Often, I found myself not wanting to be around people, not even my own family. I would retreat to Anja's hospital room with a stack of books. Even though Anja was knocked out from the sedative, I would have the night nurse go through the gymnastics of nestling her into my arms and I would read for hours and hours. Sometimes I'd read out loud to my sleeping baby until my mouth was dry with text and I felt nauseated from absorbing too many words. Then I would close the book and peer down at this heavy baby asleep in my arms, perhaps immersed in a dream. I'd glide my finger softly across her skin, as pure and pale as snow. She was tangled in tubes and wires and smelled indefinitely of hand sanitizer. I could not bury my nose deep enough into her neck or plant enough kisses on her forehead. I was overwhelmed with the desire to try with all my heart and mind to give her as much as she had given me. I knew we had to do everything we could to save our child's life. I knew that was our only option. We had to do the trach.
Just like with the g-tube, this was scary and unknown and a huge adjustment, but it was also the best decision we could make for her. We had to learn how to suction the trach, and how to change the trach when it was dirty. We also had to learn how to operate the home ventilator, what her settings were and what they meant. On December 2nd, 2009, she came home from the hospital -- to a real home, because we finally had a house by then. She came home on the ventilator, with the g-tube. She could not breath or eat on her own and required constant supervision. We also had to start patching her left eye because her right eye was lazy.
Although Anja was home, she still had numerous doctor's appointments and follow ups with her many specialists. The only time Anja got out of the house at first was to go see a doctor. And with the ventilator, the oxygen tanks, the pulse oximeter, the suction machine, and the usual baby needs, it was quite a production getting her out of the house. On December 14th, just 12 days after she had been released, we had an appointment. The photo below is exactly what we looked like that day we walked into the clinic.
I handed the woman at the front desk my I.D. to check in, and Anja's vent began to alarm. It alarms for many reasons and is not necessarily a cause for concern, but then her pulse ox also started alarming, which means that her oxygen saturation was dropping to a dangerous level. I glanced down and her saturation was dropping rapidly. 80. 70. 60. I popped the circuit off of her trach and started bagging her. After 4 or 5 breaths, she was still hovering at 55. I yelled at the lady at the desk to get a nurse. Everyone in the waiting room is gasping and someone screams, "She's turning blue!" The nurses rushed in and pushed the stroller into a side room. Next thing I know, there are 10 people (various doctors and nurses) crammed in this room and they are suctioning and bagging and asking me "What's wrong with your vent? Is it even on?" because there was no air blowing through the circuit. Well, whoops. The circuit had come disconnected from the vent (so it was essentially like the vent was turned off). I felt like such a dummy. Once the circuit was reconnected the vent, her stats returned to normal. Unfortunately, though, she ended up being re-admitted to the PICU for a couple more weeks for a suspected respiratory infection.

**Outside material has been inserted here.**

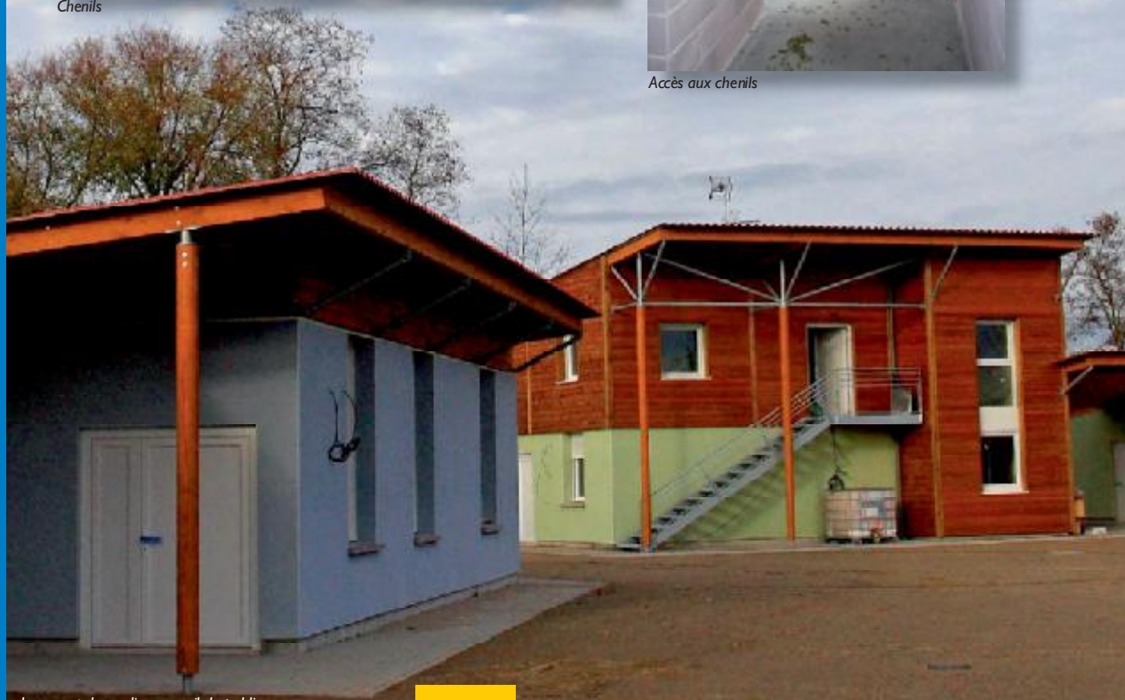
Logement du gardien, accueil du public
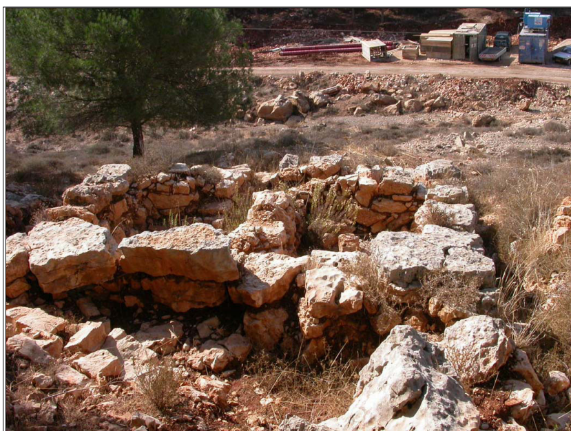
יער רמות, שרידי מבנה

During this time, their next lead for a diagnosis was Hurler's Syndrome. The doctors were confident about this suspicion because they found an indicator of it in her urine. This syndrome has a poor prognosis -- it meant our daughter would likely not live beyond her 2nd birthday -- and we were scared. However, once again, the skin biopsy results came back negative. No Hurler's Syndrome. Also, early on she was diagnosed with "horseshoe kidney" -- the hospital in Japan made the diagnosis and the hospital in Hawaii confirmed it. However, we were now being told otherwise. Her kidneys have a slightly abnormal shape to them, but the imaging studies in Texas have shown that they are not actually joined together but are separate from one another.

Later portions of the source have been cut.